Modern Day Slavery: the Kafala System in Lebanon

Modern Day Slavery: the Kafala System in Lebanon

. 7 min read

Two hundred and fifty thousand workers under the Kafala system in Lebanon are currently struggling to survive in an exploitative system. Conflicts within the country due to an economic recession and corruption add to the challenges these workers face.

What is the Kafala System?

The Kafala System is an oppressive system that controls unskilled migrant workers in the Arab states, most of them being women from Africa and South Asia. The system requires each worker to be sponsored by a citizen of the host country. That employer, also known as a kafeel, is responsible for the worker’s legal status and visa. When the worker’s term finalizes, the employer can either renew it or terminate the worker’s status, which requires that the worker be immediately deported. Under this oppressive system, workers are excluded from Lebanese labor laws regulating minimum wage, maximum working hours, vacation, and overtime.

In essence, the Kafala System creates a power dynamic, enabling employers to have complete control over their employees. The workers are not protected by law against basic labor abuses and they are subject to deportation if they speak out about their conditions. If beaten, raped, or starved, the workers have nowhere to go. In practice, they either risk getting deported if they report their conditions to the police or they are ignored. A worker also cannot move without their employer’s consent: they are often forced to stay at home through financial limitations, emotional abuse, or physical abuse. Additionally, workers have no say in transactions between one employer and another. The employees are treated as objects, expected to do their work with disregard for their personal conditions. They have no safety barriers and, as a result, are subject to multiple human rights abuses.

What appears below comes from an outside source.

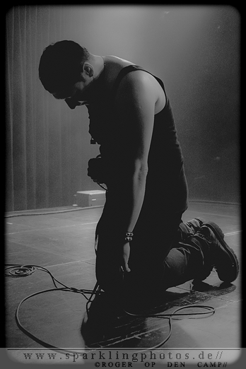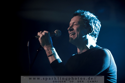 Vorstellen muss man Dirk Ivens und Eric van Wonterghem aka Absolute Body Control wohl nicht mehr, was natürlich ganz besonders in ihrer Heimat Belgien gilt. Wir sehen nun einen äußerst wandlungsfähigen Künstler der über viele Jahre Bünenerfahrung verfügt und uns stets mit tollen Projekten wie The Klinik , Dive, Sonar oder eben Absolute Body Control unterhält. Seit ihren Anfangstagen 1979 haben ABC eine Menge Konzerte abgeliefert, doch beim Soundcheck guckt Dirk Ivens zunächst etwas irritiert, denn der Sound will noch nicht so recht passen, was sich aber nach einer Weile bessert. Mittlerweile ist es im Zuschauerbereich richtig voll geworden. Hatten bei Psyche schon einige Fans getanzt, bewegt sich jetzt die gesamte Fanschar, ABC lassen kaum Zeit zum Luftholen, schnell nacheinander gespielt agitieren Band und Songs ihr Publikum. Los geht es mit „Melting Away“ und von da ab gibt es keine Pause mehr, man fragt sich wirklich wo Dirk immer all diese Energie hernimmt.

The History of the Kafala System

The Kafala System began in the 1950s as a way to control migration into Arab countries. It was intended to be a means by which foreigners could gain short term employment for projects hosted in countries that practice the Kafala System, which include the Gulf Cooperation Council (GCC) countries of Bahrain, Kuwait, Oman, Qatar, Saudi Arabia, the United Arab Emirates (UAE), Jordan, and Lebanon. It was supposed to be hospitable, named kafala after the word that means “to take care of” in Arabic. The system trusted that the kafeels, sponsors of the workers, would protect them properly.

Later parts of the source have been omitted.